Stefano is unabashed about his ongoing presence in Russia: “I have a global business,” he says. “Russian men today are more elegant than most European people.” The brand still ships items under €300 to the country, a spokesperson says.
The brand’s showy approach to menswear design has won fans among those unafraid to flaunt their wealth. Signature pieces range from a suit in super 150s wool retailing for £4,800 to a full crocodile skin jacket for £55,000. The label is also known for its crocodile belts (from £2,000), finished with chunky gold buckles depicting an eagle.
Clients include politicians, performers and captains of industry. The brand famously made some of Nelson Mandela’s trademark Madiba shirts (Ricci and Mandela were friends, and his daughter sent a video message that was played during the dinner at Luxor Temple) and has dressed other heads of state, including Putin, and celebrities such as Tom Cruise and Michael Bublé.
The brand is notable when it comes to customisation, with 20 per cent of revenues coming from one-off pieces for clients. During our interview, a comparison to fellow Italian menswear label Zegna does not land well: “With all my respect for Zegna, I think we operate in a completely different territory,” Stefano says. “We have an approach to our product that’s completely in two different worlds.”

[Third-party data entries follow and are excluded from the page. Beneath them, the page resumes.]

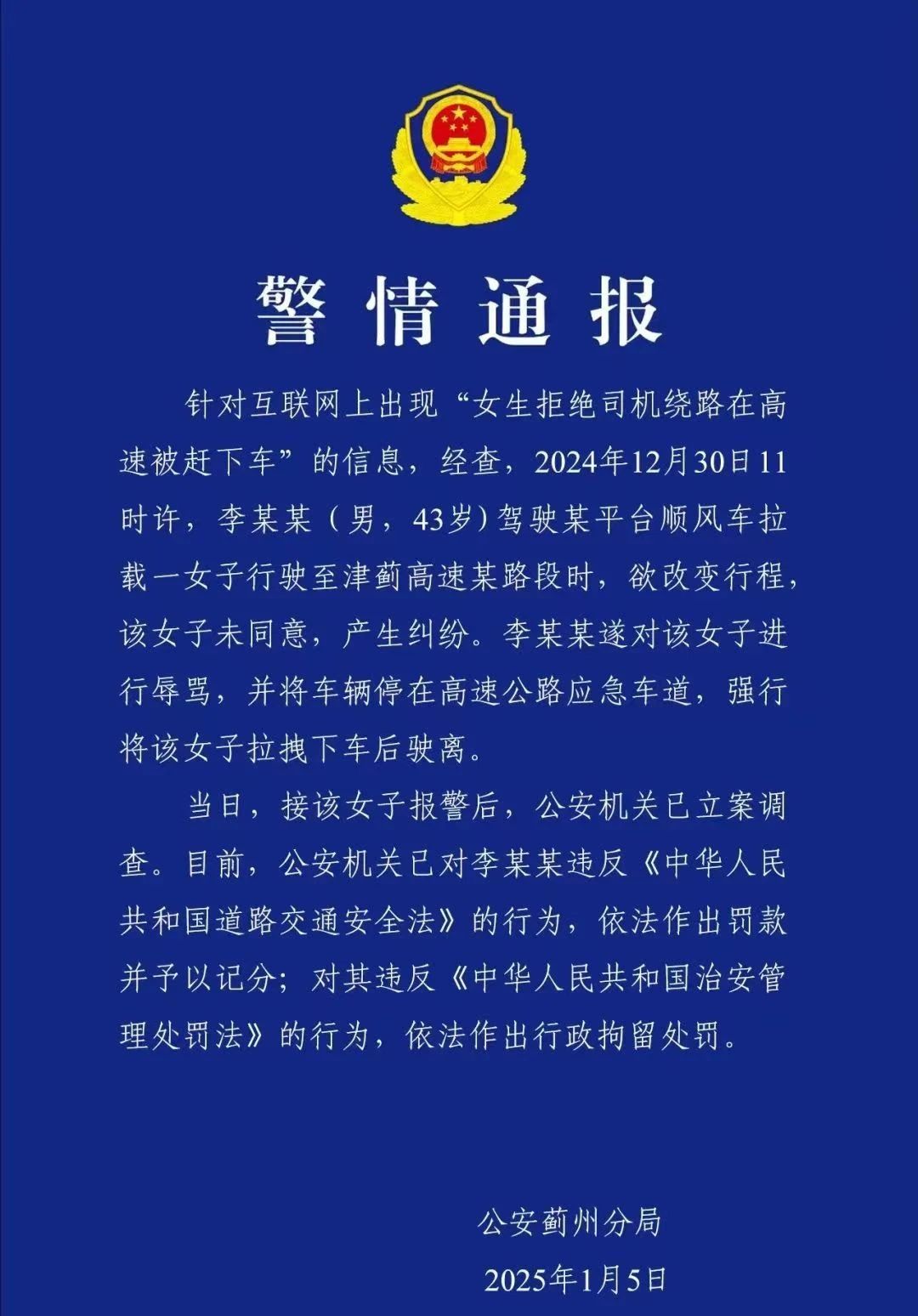 近日,有网民称,自己在乘坐某平台顺风车时,被司机在高速路上赶下车。该网民告诉记者,司机将她拖拽下车时致其脚踝受伤。天津市公安局蓟州分局1月5日晚间发布警情通报,司机李某某被行拘。(平安蓟州、央广网)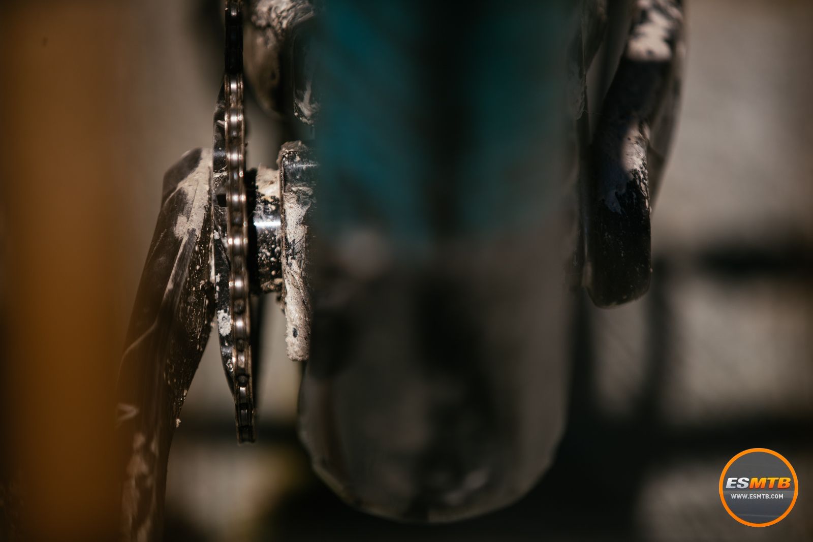 En búsqueda de lograr esas vainas ultra-cortas para una enduro de sólo 420mm han tenido que sacar espacio de todos los lugares. Para lograrlo han seguido la idea del Boost pero llevándola un poco más lejos. Los platos y general toda la transmisión se han desplazado 6mm hacia el exterior. Además de ganar espacio para la rueda se puede construir un basculante más sólido.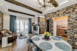 В доме выполнен дизайнерский ремонт с использованием качественных и дорогостоящих материалов. Интерьер выдержан в современном стиле, каждая зона продумана до мелочей. Установлены тёплые полы по всему дому, качественная сантехника европейских брендов, керамика испанского производства, кварц-виниловое напольное покрытие, пять сплит-систем для комфортного климата в любое время года. Дом полностью укомплектован мебелью и техникой — всё остаётся новому собственнику, дополнительных вложений не требуется.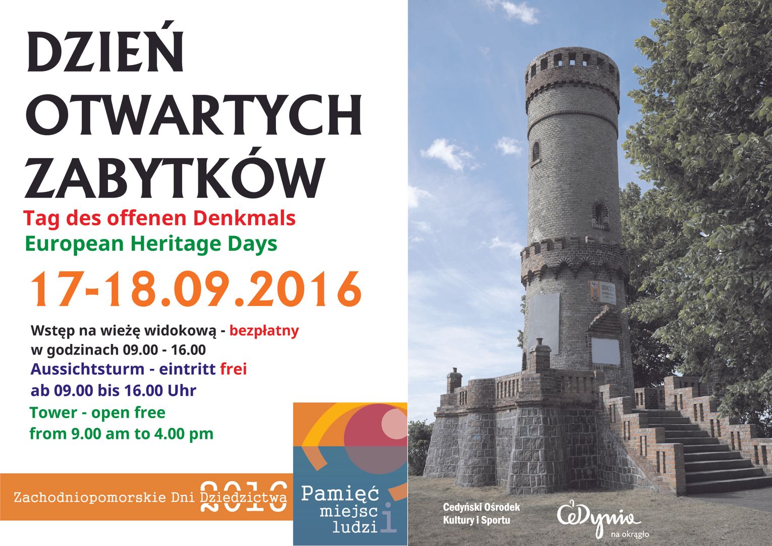 Dzień Otwartych Zabytków organizuje Cedyński Ośrodek Kultury i Sportu. -Wieża widokowa w Cedyni w ten weekend udostępniona będzie bezpłatnie. Zapraszamy do podziwiania panoramy miasta w ostatnie dni astronomicznego lata! – przekonuje Malwina Markiewicz.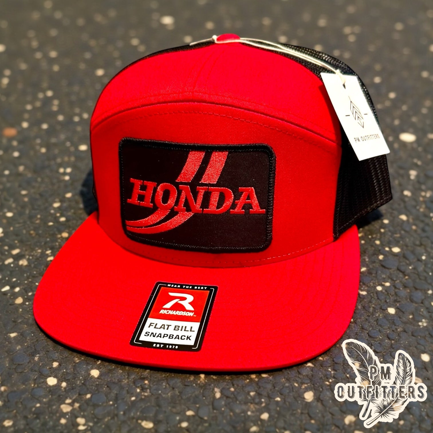 This hat is different: authentic racing logo, premium embroidered patch, Richardson 168 construction, racing red and black colors, priced for Honda fans.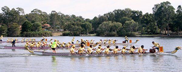 *共骇群龙水上游,不知元是木兰舟。云旗猎猎翻青汉,雷鼓嘈嘈殷碧流。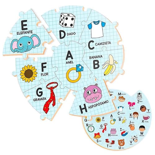 Descubra a magia de aprender brincando! Perfeito para as crianças aprenderem o alfabeto de forma lúdica e divertida. Com um design colorido e atrativo em formato de caracol, as crianças vão adorar explorar cada letra e associá-la a imagens e palavras. Benefícios: -Auxilia no reconhecimento das letras e suas formas. -Estimula o raciocínio lógico. -Incentiva o aprendizado do alfabeto de forma prática e visual. -Perfeito para atividades em grupo. -Desenvolve a coordenação motora fina ao manipular as peças. -Tamanho compacto e fácil de manusear. -Pensado para durar, mesmo nas mãos mais curiosas! Especificações Técnicas: - Modelo: Alfabeto Caracol - Material: MDF - Dimensões do Alfabeto Montado.: 31,5cm (ALTURA) x 34cm (LARGURA) - Idade Recomendada: +4 Anos Itens Inclusos: - 26x Peças de Quebra Cabeça com Letras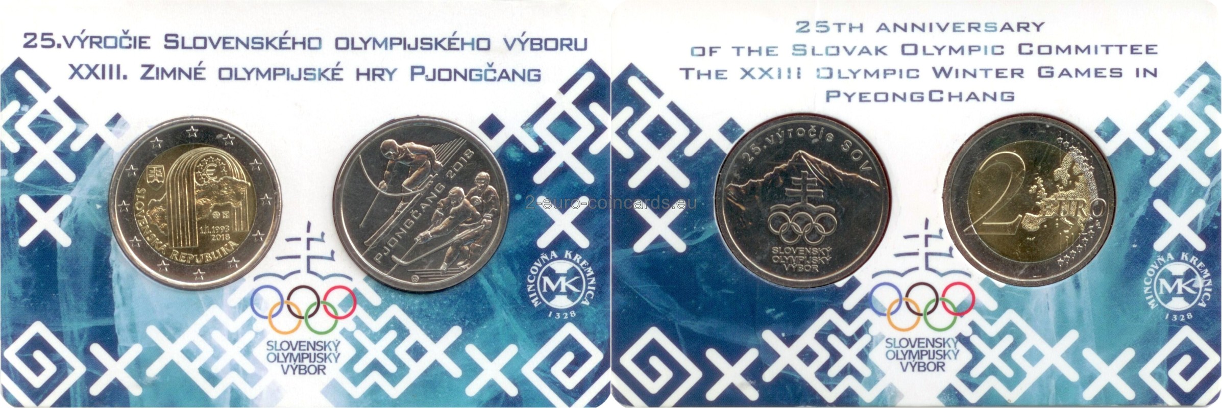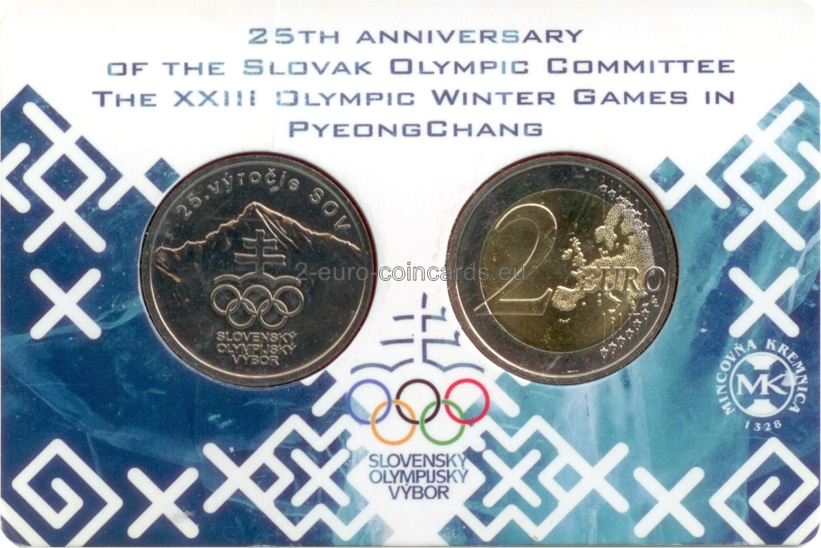 Druhá minca je venovaná 25. výročiu zaolženia SOV, na rubovej starne sa nachádza Kriváň, olympijské logo so slovenským dvojkrížom, a textom 25. výročie SOV. Lícová strana zobrazuje zjazdára a hokejistov medzi nimi je nápis Pjongčang.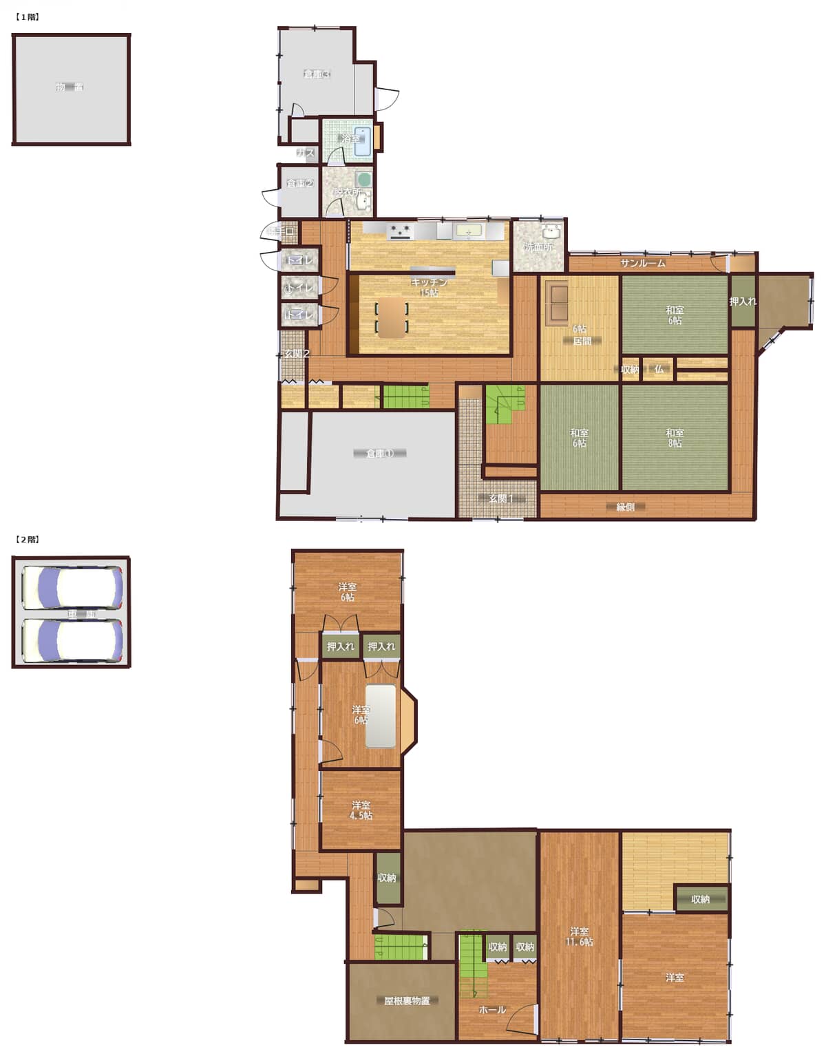 2世帯の方へおすすめ! 古民家と新しく増築された’’L字型’’の物件。
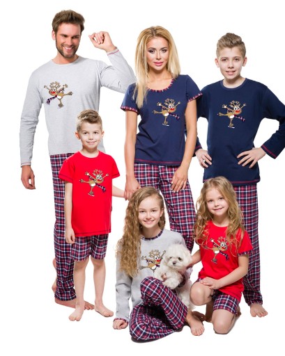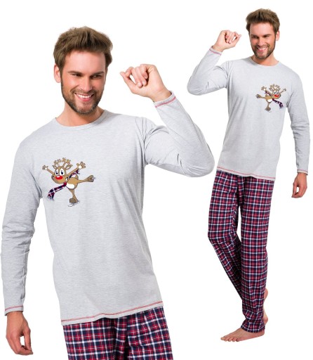 Klasyczna piżama męska złożona z gładkiej bluzki z uroczym reniferem, zestawionej ze spodniami w zawsze modną kratkę. Dekolt wykończony ściągaczem. Kontrastowe przeszycia przy rękawach i na dole bluzki.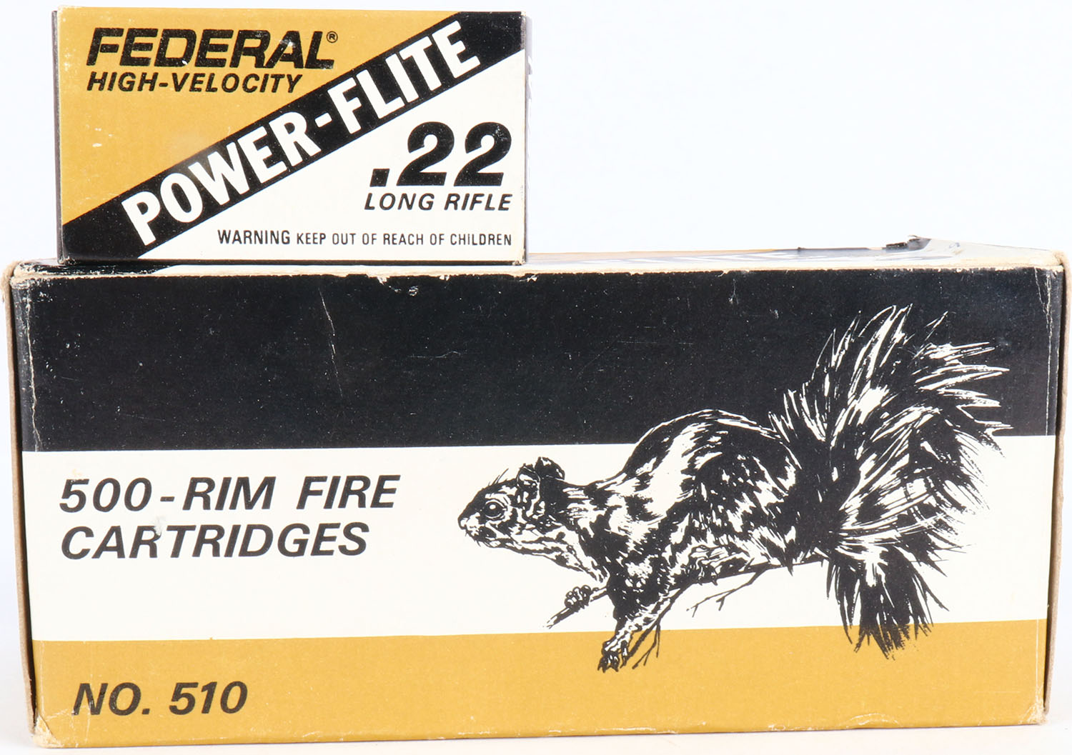 Federal, Power-Flite, .22 Long Rifle, High-Velocity, Full, 500rds. 1pc. Black gold & white brick, brick is solid with excellent color, very minor staining, top has been written on, some edge & corner wear, end flaps are solid, inside boxes are minty. Grade: Excellent - Value: 20 to 100

Bespoke projects range from creating full wardrobes for clients (some fly Stefano Ricci’s tailors in on private jets to facilitate appointments), to crafting suites of furniture upholstered in crocodile skin. The brand has an interior design division that specialises in kitting out superyachts. “Recently, we had a client send in a piece of leather from his customised Rolls-Royce,” says Niccolò. “He wanted crocodile luggage to match the colour, and then a key holder, wallet and other accessories too.” The brand also recently finished upholstering 20 palatial tan crocodile skin armchairs for a client in Cambodia. “It took eight months to find the proper skins at the right size,” he adds. The brand owns a crocodile farm in Australia.
Younger Ricci sibling and brand creative director Filippo Ricci manages a team that specialises in customising existing designs for clients: “We have one client who gets a collection which is totally customised for him,” he says. “Whatever he sees, he buys straight from the showroom . . . but he wants everything modified a little.”
Evidently, Stefano Ricci gives clients what they want — and it works. The brand, though small compared with high-end menswear stalwarts such as Zegna (2021 revenues of €1.03bn) and Brunello Cucinelli (€712mn), is in expansion mode, with a run of new stores in the pipeline. That includes a new boutique on Madison Avenue, plus locations in Kyrgyzstan, Turkmenistan and the SKP Mall in Beijing. To keep jet-setting customers coming into stores, 40 to 50 per cent of the offering in each one of Stefano Ricci’s 70 stores is unique. “Each client travels and they shop in London, New York, LA, have a house in Miami,” says Filippo. “These clients have sometimes no budget in spending. The more you show them the things they will enjoy, they will keep on shopping.”
Stefano is confident newly minted clients will continue to flock to his flashy, masculine vision for men’s luxury. “The more a man becomes powerful, the more he gives care and time to what he wants to wear,” he says. “When you reach the point that you feel successful, you really want to look different.”